Overall: Of the seven bull points (five from Q2 initiation + one from Q3 upgrade + one new from Q1 FY26), seven are now confirmed, with three materially upgraded again since Q4. Of the seven bear points (five carried forward + two new this quarter), one has improved further (concentration, now 6 customers), one has shown the first thaw signal (non-AI), one is better than feared two quarters running (rack GM), one is pushed back on most pointedly to date (COT), one is unbounded (export controls), and two are new this-quarter watch-items (FY26 acceleration sustainability and FY27 customer concentration). Four new fundamental positives (Hock through 2030 from Q3, system-rack TAM expansion from Q4, supply secured through 2028 from Q1, scale-up Ethernet standardization from Q1) compound. The composition is even more bull-skewed than at Q4.

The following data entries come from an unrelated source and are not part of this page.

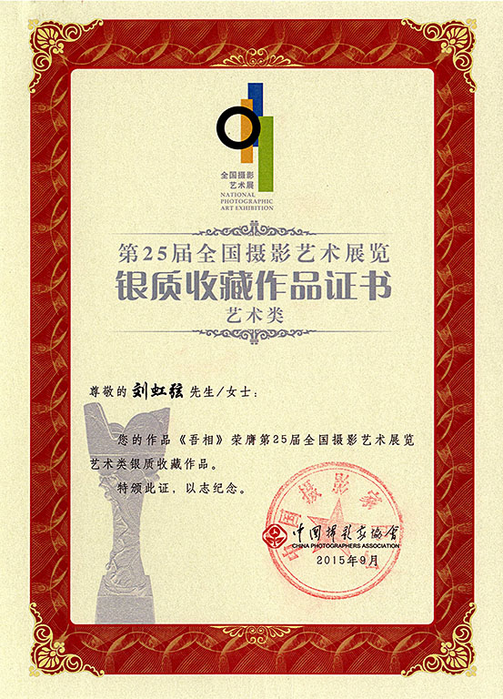 近日,第25届全国摄影艺术展览颁奖仪式在北京中华世纪坛举行。365英国上市刘虹弦老师凭借作品《吾相》揽得艺术类银质收藏奖,取得湖北军团的最好成绩。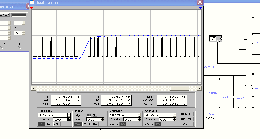 Tudom, ha beteszek egy 300Khz-es négyszöggenerátort, és rákötöm egy 1pF-os kondival a bemenetre, akkor már helyrejön az időlépték és eltünika a fáziszaj, meg a tüskék. Elég gyagya egy szimulátor, de egyszerű. (A multisimet már rég leírtottam a gépemről helyhiány miatt.)
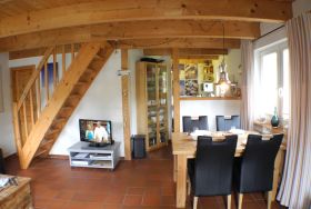 Das Wohnzimmer wird beheizt mit zwei Deckenpaneelen – Infrarot Wärmewellen - und zusätzlich gibt es einen Kaminofen, so dass auch in der kalten Jahreszeit der Gemütlichkeit kein Abbruch getan wird.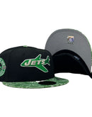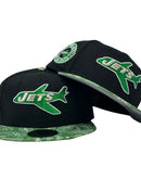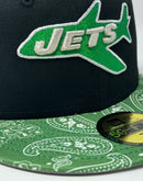 Introducing a unique custom New York Jets New Era fitted hat from Sports World. The 59Fifty high crown fitted hat is designed with a sleek all black color cap with a green paisley visor that provides a bold contrast to the classic design.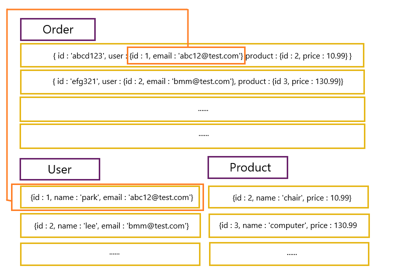 NoSQL은 join대신 데이터를 복제해서 각 컬렉션 일부분에 속하는 데이터를 정확하게 산출하도록 합니다.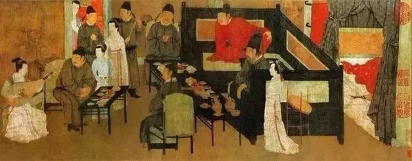 《韩熙载夜宴图》出现的餐桌是宋代最流行的细腿长桌;宋佚名《梧阴清暇图》的梧桐树下、大屏风前,放的是一张黑漆束腰书案,这是主人用来观书、写作的文化用具;旁边还有一张红漆花腿方桌,堆放著杂物。
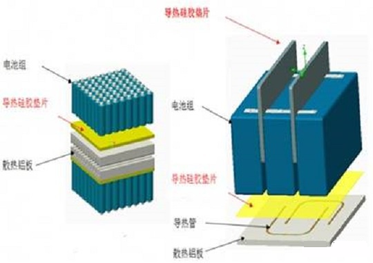 1、此類電池組空間大,與空氣接觸良好,裸露部分能通過空氣自然換熱,底部不能自然換熱部位通過散熱器散熱,導(dǎo)熱硅膠片填充散熱器與電池組中間空隙,導(dǎo)熱、減震、絕緣。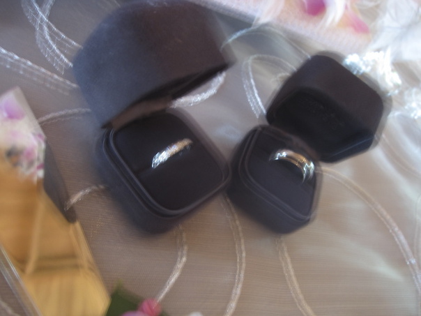 This blurry photograph features a close-up of a set of silver engagement or wedding bands nestled inside their individual black jewel boxes.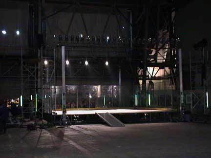 On February 15, 2001, a small group of robot builders from the San Francisco area were invited to the set of CBS's Nash Bridges TV show for the taping of an episode called "Blood Bots" where robots are used to commit crimes. It was fun, check it out: Can you believe they hauled half the BattleBox down to the studio just for this? Yep, they set up the arena just for a few shots in the show. here it is, one side is completely open, no wall, so the camera could get a perfect view of the bots inside. |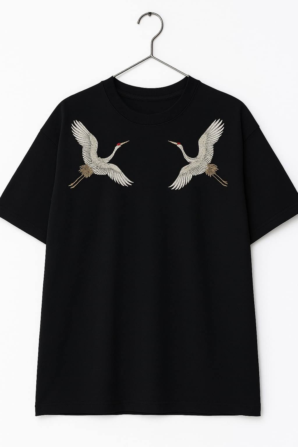 - Exquisite Crane Embroidery: As a standout bird embroidered tee for men, it features an iconic Japanese crane design stitched with high-precision, dense embroidery for a premium look.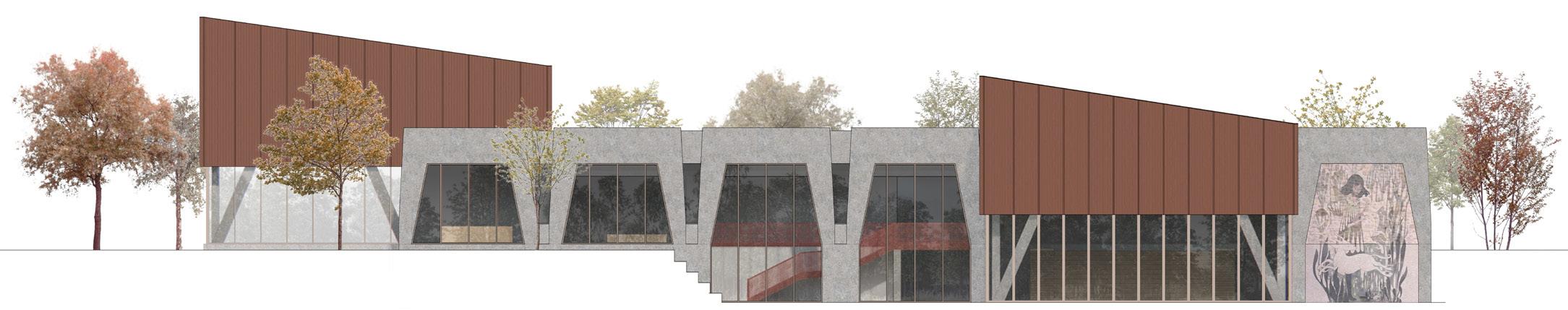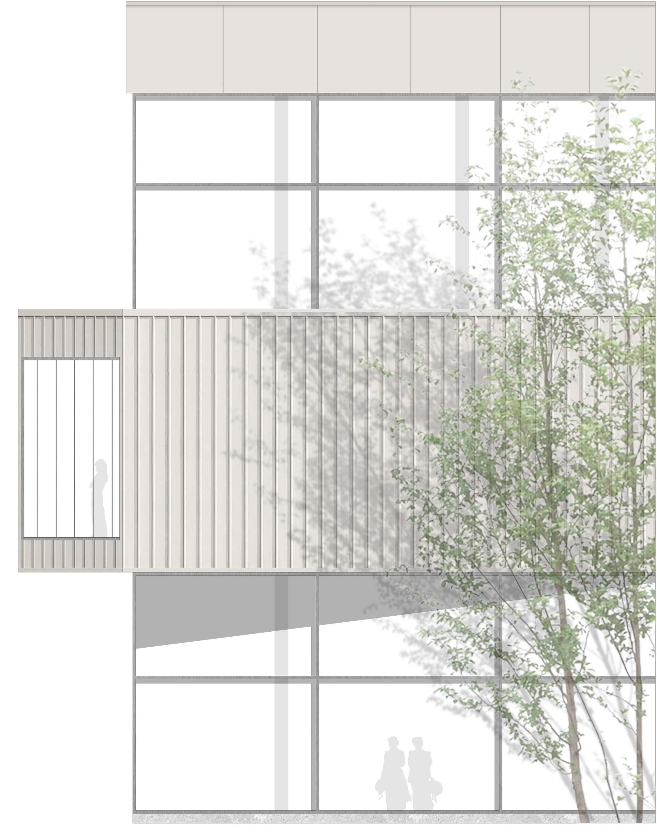 Les deux annexes sont soutenues par une structure hybride de bois et de béton. En partie basse, des colonnes de béton angulaires reprennent le langage des portiques de béton existant. Puis, en partie haute, un origami de panneaux de CLT inclinés supporte la toiture, tout en agissant en tant que diaphragme. Enfin, la jonction entre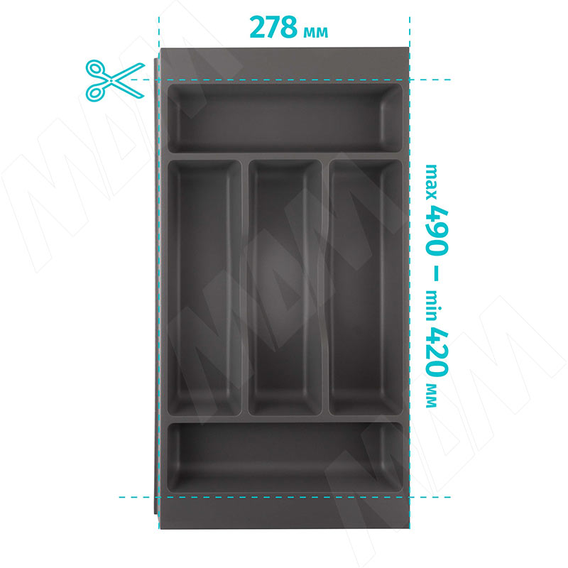 COMBI Лоток кухонный для столовых приборов 278х420/490, цвет графит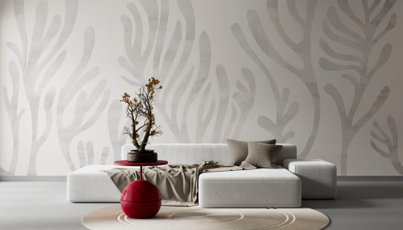 Corail is a graphic panoramic wall mural inspired by the bold visual language of post-Impressionist art, echoing the expressive freedom and organic stylisations associated with Henri Matisse.

Action: Maintaining Outperform. The Q1 print fires the explicit Q4 path-(b) catalyst (sixth XPU customer, OpenAI), confirms and extends the FY26 AI re-rate trajectory, crystallizes FY27 visibility into a hard ">$100B chip revenue" floor with secured supply through 2028, and resolves the rack-mix GM concern more favorably than underwritten. The post-print share-price reaction of +4.8% is measured relative to the magnitude of the structural disclosures and reflects an audience still processing the multi-year visibility upgrade rather than capitalizing it into the multiple. The fundamental case has compounded on every line; the asymmetry remains favorable. We will revisit on the Q2 FY26 print scheduled for after the close on Wednesday, June 3, 2026.